そこで控訴人の本件売買契約解除による損害賠償について考えるのに、控訴人が本件売買契約成立の頭金一五〇万円の手付金を被控訴人有限会社に支払つたことは被控訴人有限会社と控訴人間には争いがなく、前出中第一号証によれば、本件土地売買契約において、売主の違約によつて契約が解除されたときは、売主は受領済みの手付金の倍額を違約金として即時買主に支払わなければならないことが約定されていることが認められるから、被控訴人有限会社は、控訴人に対し、すでに受領した手付金の倍額三〇〇万円及びこれに対する契約解除の翌日である昭和四九年三月二三日から完済まで商事法定利率の範囲内たる年五分の割合の遅延損害金を支払うべき義務がある。

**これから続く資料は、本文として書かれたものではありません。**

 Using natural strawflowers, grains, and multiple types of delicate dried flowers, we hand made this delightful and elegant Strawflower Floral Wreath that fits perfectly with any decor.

よつて、控訴人の被控訴人有限会社に対する主位的請求は理由があり正当である。

四次に、控訴人の被控訴人浅野に対する請求について検討すると、前記認定の事実及び<証拠>によれば、被控訴人浅野は宅建業者である被控訴人有限会社の代表取締役としてこれを主宰しながら、本件取引においては悪意もしくは重大な過失により宅建業法の諸規定に違反し、その任務にそむき取扱物件について自ら不実不正確な説明をなし、且つ明らかに契約上の履行に第三者から完全に所有権を取得してこれを買主に移転することが不可能な物件について、たまたま用地をさがしていた控訴人に勧めて売買契約を締結させ、手付金を交付させ、結局前示のとおり同契約は売主の違約により解除される結果を来たさせ、もつて売主たる被控訴人有限会社に違約金支払債務を負担させるに至つたのであるが、同会社において同債務を履行するに足る十分な資力を備えていることを期し難く、結局被控訴人浅野は、控訴人に対し右同額の損害を豪らせたことになると認められるから、有限会社法三〇条の三により右違約金及びこれに対する前示遅延損害金と同額の金員を控訴人に支払うべき責任がある。

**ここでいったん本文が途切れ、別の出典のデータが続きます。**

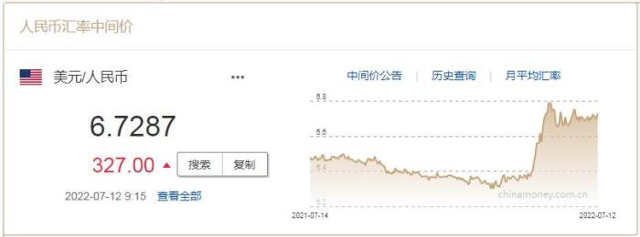中新網(wǎng)7月12日電 中國人民銀行授權(quán)中國外匯交易中心公布,7月12日,銀行間外匯市場人民幣對美元匯率中間價(jià)報(bào)6.7287元,調(diào)貶327個(gè)基點(diǎn)。(中新財(cái)經(jīng))

よつて、控訴人の被控訴人浅野に対する請求は、理由があり正当である。

五おわりに、控訴人は被控訴人小口に対し、不法行為による損害賠償請求として金三〇〇万円ないし一五〇万円及びこれに対する遅延損害金の支払を求めるところ、その不法行為であるとして主張する右被控訴人の不作為の前提となる作為義務につき、これを法令や公序良俗など人が一般に遵守すべき義務であるとは認め難く、前認定のとおり右被控訴人は、売買契約成立時に本件土地の実質上の所有者であるとして第三者として立会い、手付金授受の場にも居たというだけであつて、本件すべての証拠に徴しても、同被控訴人が控訴人に対しする関係でその権利を侵害するか違法行為をしたと認めることはできない。

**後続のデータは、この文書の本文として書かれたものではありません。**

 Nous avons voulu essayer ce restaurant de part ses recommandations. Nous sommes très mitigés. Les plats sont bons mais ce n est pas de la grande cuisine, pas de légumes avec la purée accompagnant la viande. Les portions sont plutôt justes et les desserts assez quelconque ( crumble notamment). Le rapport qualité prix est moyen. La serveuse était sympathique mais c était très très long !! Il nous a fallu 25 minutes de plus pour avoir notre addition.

よつて、控訴人の被控訴人小口に対する請求はすべて理由がなく失当である。

六よつて、控訴人の被控訴人小口に対する請求を棄却した原判決は相当であり、同被控訴人に対する本件控訴は理由がなく棄却すべきであるが、被控訴人有限会社に対する主位的請求はこれを認容すべきであり、また被控訴人浅野に対する請求もこれを認容すべきところ、原判決はこれを棄却しているので、原判決中この部分を取消してこれを認容するものとし、本件控訴はこの範囲で理由がある。訴訟費用については、控訴人と被控訴人有限会社、同浅野との関係では第一、二審とも敗訴当事者たる右被控訴人らの負担とし、控訴人と被控訴人小口との関係ではその間に生じた控訴費用を控訴人の負担とし、仮執行の宣言につき民訴法一九六条を適用して主文のとおり判決する。